Part Number: #90916-03070
“What happens on the 22R and 22RE engine, when the coolant goes through the heater core it gets cooled off enough that when it gets dumped back in on top of the t-stat it shuts it. Therefore the temperature in the engine continues to go up. The t-stat that I have mentioned has two valves in it, one at the regular temp. and one smaller on at a cooler temp. If the cool water shuts the big one, the smaller one stays open. All this happens because of the lack of a by-pass hose, which on other systems, keeps hot coolant running on the t-stat.”
You can get the two-stage thermostat mentioned above from your local Toyota Dealer.
Part Number: #90916-03070
#26
I was losing coolant in the area of the thermostat. I'm not certain if coolant can leak out around the bolt holes. But it was either leaking around the rubber gasket or from one of the bolt holes. I think the rubber gasket wasn't thick enough. I swapped the gasket for a Stant 30988 gasket which is noticeably thicker. Also going through my 1.6l vw exhaust stud bin, I found some studs that were a good match for the thermostat bolt holes. I've read this is a M8x1.25 thread...I haven't confirmed it yet, but my vw studs were the right thread. The threaded portion of the stud that goes in to intake is 7/16", I put some pipe dope on that. The bare part of the stud is 1/2", I was able to use a regular set of pliers to grip and tighten it. The overall length was 1 7/8", a little longer than necessary but not a problem. I sure someone could find something that works even better...I was going to check out GM pn:21006166 which was used on Saturn 1.9l and has a Torx tip? The Torx tip should make removing and installing the stud easier. The vw stud seems to work very well and it is going to make it easier to access the thermostat in the future...for example if I want to remove it to flush the cooling system.
Last edited by chuckross1957; 02-08-2015 at 04:21 PM.
#27
I was losing coolant in the area of the thermostat. I'm not certain if coolant can leak out around the bolt holes. But it was either leaking around the rubber gasket or from one of the bolt holes. I think the rubber gasket wasn't thick enough. I swapped the gasket for a Stant 30988 gasket which is noticeably thicker.
Not sure how I feel about the Saturn stud Vs. standard. I might just go with standard
Last edited by Odin; 02-08-2015 at 07:39 PM.
#28
I think it is important to have a bare space in the middle to act as a stop. Some of the studs I looked at had 1/2 inches of thread and it was too much...the stud would hit the bottom before it hit the bare spot. 7/16 inches seems just about perfect. Of course I could have used a grinder and removed a little off the end of the ones that were 1/2". The one on the right in the photo looks good but it has about 9/16 inches of threads on the bottom. I think you need an E7 Torx socket for the tip. There was a guy on youtube who made a socket using a T35(?) torx bolt salvaged from a GMC safari van. I'm trying some heavy duty lined clamps on the upper radiator hose. I trimed 1 3/4" off the end of clamps and rounded the edges off. Definitely heavy duty 9/16" wide instead of 1/2". I was using an aftermarket gasket...The Stant gasket looks similar to the Toyota one in the photo with the two stats.
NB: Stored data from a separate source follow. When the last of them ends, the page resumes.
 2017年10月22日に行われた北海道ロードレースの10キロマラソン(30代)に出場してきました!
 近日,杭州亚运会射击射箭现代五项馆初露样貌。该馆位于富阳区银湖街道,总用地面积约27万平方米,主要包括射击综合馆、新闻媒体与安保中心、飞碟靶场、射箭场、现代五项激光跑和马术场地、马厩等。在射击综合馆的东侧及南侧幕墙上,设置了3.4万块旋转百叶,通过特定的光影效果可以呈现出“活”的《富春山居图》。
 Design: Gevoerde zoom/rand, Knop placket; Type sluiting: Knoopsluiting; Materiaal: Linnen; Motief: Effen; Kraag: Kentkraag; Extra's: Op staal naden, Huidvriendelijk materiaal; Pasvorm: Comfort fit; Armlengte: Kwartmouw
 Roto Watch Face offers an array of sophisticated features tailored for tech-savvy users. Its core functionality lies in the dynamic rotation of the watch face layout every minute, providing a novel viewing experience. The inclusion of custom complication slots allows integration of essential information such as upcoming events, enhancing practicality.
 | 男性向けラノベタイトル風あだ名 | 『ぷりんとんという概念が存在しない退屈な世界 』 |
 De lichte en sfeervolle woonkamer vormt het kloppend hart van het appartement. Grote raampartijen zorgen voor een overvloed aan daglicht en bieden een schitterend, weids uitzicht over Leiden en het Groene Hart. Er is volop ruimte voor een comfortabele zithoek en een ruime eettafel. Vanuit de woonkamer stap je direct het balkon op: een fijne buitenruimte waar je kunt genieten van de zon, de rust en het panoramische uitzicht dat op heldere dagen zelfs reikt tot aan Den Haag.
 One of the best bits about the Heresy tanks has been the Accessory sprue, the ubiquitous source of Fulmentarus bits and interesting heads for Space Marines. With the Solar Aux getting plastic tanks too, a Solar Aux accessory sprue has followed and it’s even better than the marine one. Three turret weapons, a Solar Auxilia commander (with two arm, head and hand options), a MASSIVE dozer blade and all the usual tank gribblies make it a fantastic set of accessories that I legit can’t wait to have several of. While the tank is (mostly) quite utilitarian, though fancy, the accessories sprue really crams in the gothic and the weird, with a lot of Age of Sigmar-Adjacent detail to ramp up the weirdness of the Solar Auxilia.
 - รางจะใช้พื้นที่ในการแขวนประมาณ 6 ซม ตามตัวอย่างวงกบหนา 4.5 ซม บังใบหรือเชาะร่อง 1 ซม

Last edited by chuckross1957; 02-08-2015 at 08:47 PM.
#29
It's kinda unlikely in this application but if it happens there'll be plenty of meat to get some locking pliers on it.
Last edited by Odin; 02-08-2015 at 10:11 PM.
#30
http://www.stanleyfasteners.com/cata...og/pg_0062.htm I took a closer look at my stud and it sticks out 1/2" past the nut...so the overall length could be about a 1/4" shorter but not much more. Mine is 1 7/8', so you can't go much less than 1 5/8" overall and than doesn't include the torx tip. I don't think either of those in the photo are long enough. There is a longer version of the saturn stud. The gm part # is 21006951, in the above link the part # is 18514. I'm not sure if it could be modified to work or not. It looks like if you find the right vendor you could buy a bag of 25 real cheap. I think gm has discontinued the part.
#31
http://www.stanleyfasteners.com/cata...og/pg_0062.htm I took a closer look at my stud and it sticks out 1/2" past the nut...so the overall length could be about a 1/4" shorter but not much more. Mine is 1 7/8', so you can't go much less than 1 5/8" overall and than doesn't include the torx tip. I don't think either of those in the photo are long enough. There is a longer version of the saturn stud. The gm part # is 21006951, in the above link the part # is 18514. I'm not sure if it could be modified to work or not. It looks like if you find the right vendor you could buy a bag of 25 real cheap. I think gm has discontinued the part.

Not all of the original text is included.